In an unpublished case series (Prather H, Hunt D. Unpublished data, 2006.), the investigators found that an acetabular labral tear was the source of pain in five women with groin and vaginal pain after a vaginal hysterectomy or attempted vaginal hysterectomy. It is unknown if these women had the labral tears before surgery and became symptomatic after surgery or if the tears occurred during surgery.

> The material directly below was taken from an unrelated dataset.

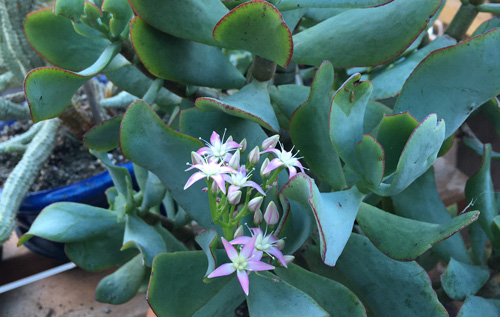 I have another Crassula (nameless), which has sent up long stems and also produced pretty flowers, and an Aloe with a great big flower bud getting ready to burst.

Regardless, the investigators speculate that hip positioning in flexion and external rotation required to perform a vaginal hysterectomy may have exacerbated or caused the symptoms related to the labral disease.

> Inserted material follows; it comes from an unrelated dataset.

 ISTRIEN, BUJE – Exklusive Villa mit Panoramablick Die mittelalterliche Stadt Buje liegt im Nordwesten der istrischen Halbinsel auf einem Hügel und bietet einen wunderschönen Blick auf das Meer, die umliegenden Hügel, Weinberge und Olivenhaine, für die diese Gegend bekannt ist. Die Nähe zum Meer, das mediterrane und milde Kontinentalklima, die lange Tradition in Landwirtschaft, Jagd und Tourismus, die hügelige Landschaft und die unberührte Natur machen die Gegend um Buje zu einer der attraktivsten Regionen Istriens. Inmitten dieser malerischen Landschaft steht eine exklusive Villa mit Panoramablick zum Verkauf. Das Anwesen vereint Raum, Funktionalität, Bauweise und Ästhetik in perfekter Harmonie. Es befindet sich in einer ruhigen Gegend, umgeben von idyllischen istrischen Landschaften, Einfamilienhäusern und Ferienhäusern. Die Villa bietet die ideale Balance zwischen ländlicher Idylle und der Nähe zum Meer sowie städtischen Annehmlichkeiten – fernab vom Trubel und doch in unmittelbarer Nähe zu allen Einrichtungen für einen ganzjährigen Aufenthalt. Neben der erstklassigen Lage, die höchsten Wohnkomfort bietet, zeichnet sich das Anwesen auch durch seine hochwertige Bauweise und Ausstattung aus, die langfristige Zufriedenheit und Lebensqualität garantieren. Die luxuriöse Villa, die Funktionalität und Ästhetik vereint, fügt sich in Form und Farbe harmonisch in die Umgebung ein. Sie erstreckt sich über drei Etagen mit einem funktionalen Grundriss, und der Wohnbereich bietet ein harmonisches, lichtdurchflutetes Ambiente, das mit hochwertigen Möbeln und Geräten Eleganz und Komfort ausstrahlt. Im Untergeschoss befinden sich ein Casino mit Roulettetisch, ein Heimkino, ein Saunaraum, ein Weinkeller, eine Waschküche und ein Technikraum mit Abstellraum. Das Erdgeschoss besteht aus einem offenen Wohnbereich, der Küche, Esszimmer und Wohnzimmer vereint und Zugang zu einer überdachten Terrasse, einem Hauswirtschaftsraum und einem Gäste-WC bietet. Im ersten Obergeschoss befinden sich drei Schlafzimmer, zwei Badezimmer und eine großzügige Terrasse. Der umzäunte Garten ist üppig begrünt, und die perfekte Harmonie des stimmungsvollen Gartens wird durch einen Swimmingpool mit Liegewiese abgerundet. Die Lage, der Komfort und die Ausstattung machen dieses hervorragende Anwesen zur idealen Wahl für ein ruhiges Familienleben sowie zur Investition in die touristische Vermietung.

In the article by Dugan and Prather specifically on pelvic-floor pain elsewhere in this issue, a more in-depth discussion includes information regarding the presentation and evaluation of pelvic-floor disorders.

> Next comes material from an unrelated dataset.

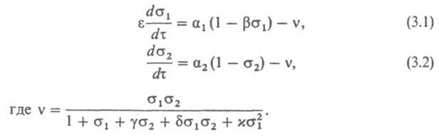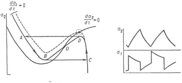 и s103. На кривой зависимости стационарной концентрации s10 от a1 (рис. 1, б) область с тремя стационарными состояниями лежит в интервале (a'1, a''1). При прямом и обратном медленном изменении параметра a1 происходит движение системы по различным траекториям, т.е. гистерезис. Следует отметить, что описанную бистабильность можно получить в системе с односубстратной р-цией, к-рая ведет себя аналогично двухсубстратной р-ции с фиксир. концентрацией одного из субстратов. Чтобы система с одной переменной и бистабильностью стала колебательной, нужно превратить параметр в медленную переменную. В ферментативной системе с двумя субстратами таким параметром, естественно, является концентрация второго субстрата s2. В этом случае для описания системы нужно использовать оба ур-ния (3). Относительные изменения концентрации S2(D[S2]/[S2]) будут медленными по сравнению с относительными изменениями Sl, если [S2]>>[S1]. При переходе к безразмерным параметрам это условие принимает след, вид: a1~a2~1, e<<1. На фазовой плоскости с координатами s1, s2 поведение системы качественно определяется взаимным расположением нуль-изоклин-кривых, на к-рых производные ds1/dt и ds2/dt равны 0 (рис. 2, а). Точки пересечения нуль-изоклин соответствуют стационарным состояниям системы. Пунктиром показано положение нуль-изоклины ds1/dt=0 при бифуркации, сопровождающейся возникновением устойчивых колебаний (автоколебаний) малой амплитуды. Этим колебаниям соответствует замкнутая траектория движения системы - т. наз. предельный цикл. Сплошными линиями показаны нуль-изоклины в ситуации, далекой от бифуркации, когда единственное стационарное состояние системы (точка О на рис. 2, а) сильно неустойчиво и окружено предельным циклом ABCD. Движению системы по этому предельному циклу соответствуют автоколебания концентраций s1 и s2 с большой амплитудой (см. рис. 2, б).

Diagnosis and physical examination
The diagnosis of a labral tear relies on a high index of suspicion based on recognition of a specific pattern of presentation as well as a thorough physical examination. Determining that a labral tear is the cause of the patient’s symptoms can be difficult and many patients experience a delay in diagnosis due to the elusive nature of the signs and symptoms. Fig. 3 presents an algorithm helpful in assessing the structural causes of hip and groin pain. The first step is to discern between an intra- and extraarticular problem, which can be challenging because dysfunction in extraarticular structures coexist or are secondary to intraarticular disorders. An assessment of spine motion and positions of provocation of symptoms is important in determining if a spine issue is contributing to the patient’s pain. A thorough neurological examination with neural tension provocative maneuvers in the lower extremity can help discern a neurological component. Evaluation of muscle length and strength, particularly in the core muscles, including the hip and abdominal musculature, is key to identifying areas of system breakdown that may contribute or cause the dysfunction and pain. Extraarticular muscle imbalances between posterior hip abductors and external rotators in combination with shortened hip flexors and iliotibial band can lead to groin and lateral hip pain. Hip range-of-motion parameters are variable in the literature and are described in normal asymptomatic volunteers. For young adults with early hip disorder, range-of-motion parameters have not been developed. The evidence regarding evaluation and management of early intraarticular hip disorders is emerging. For this reason, reliable values for range of motion of the hips in asymptomatic individuals are needed. The influence of age, gender, position, and active or passive movement on range of motion of the hip has not been adequately documented . Simoneau and colleagues found that measurements of active hip internal rotation were not significantly affected when subjects were in the prone, rather than seated, position. However, prone positioning significantly affected external rotation. Women also had statistically greater active hip internal and external rotation than men had. More studies are needed to establish the factors that influence range of motion in healthy individuals.